§ EXERCISE DATA
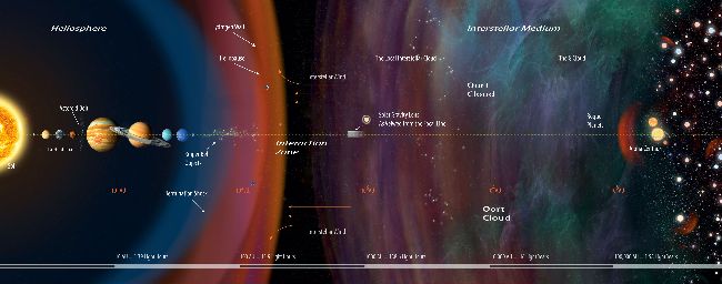 Despite being as close to a vacuum as can be achieved within our galaxy, interstellar space is far from empty. Beyond the Sun’s surrounding bubble, which is created by the solar wind, interstellar space is defined as the region of space that i no longer impacted by the outflow of material from surrounding stars.
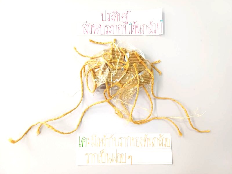 ผลงานการประดิษฐ์ส่วนประกอบของต้นกล้วยโดยใช้เศษวัสดุ เค : มีเหง้ากับรากของต้นกล้วย รากเป็นฝอย ๆ
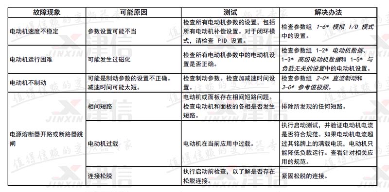 | 17 | 控制字超时 | X | X | 没有信息传送到变频器。 | |

§ WORK INSTRUCTIONS
Retype the whole listing exactly. Do not include the pictures.

§ REPLY TO THE TASK
 Despite being as close to a vacuum as can be achieved within our galaxy, interstellar space is far from empty. Beyond the Sun’s surrounding bubble, which is created by the solar wind, interstellar space is defined as the region of space that i no longer impacted by the outflow of material from surrounding stars.
 ผลงานการประดิษฐ์ส่วนประกอบของต้นกล้วยโดยใช้เศษวัสดุ เค : มีเหง้ากับรากของต้นกล้วย รากเป็นฝอย ๆ
 | 17 | 控制字超时 | X | X | 没有信息传送到变频器。 | |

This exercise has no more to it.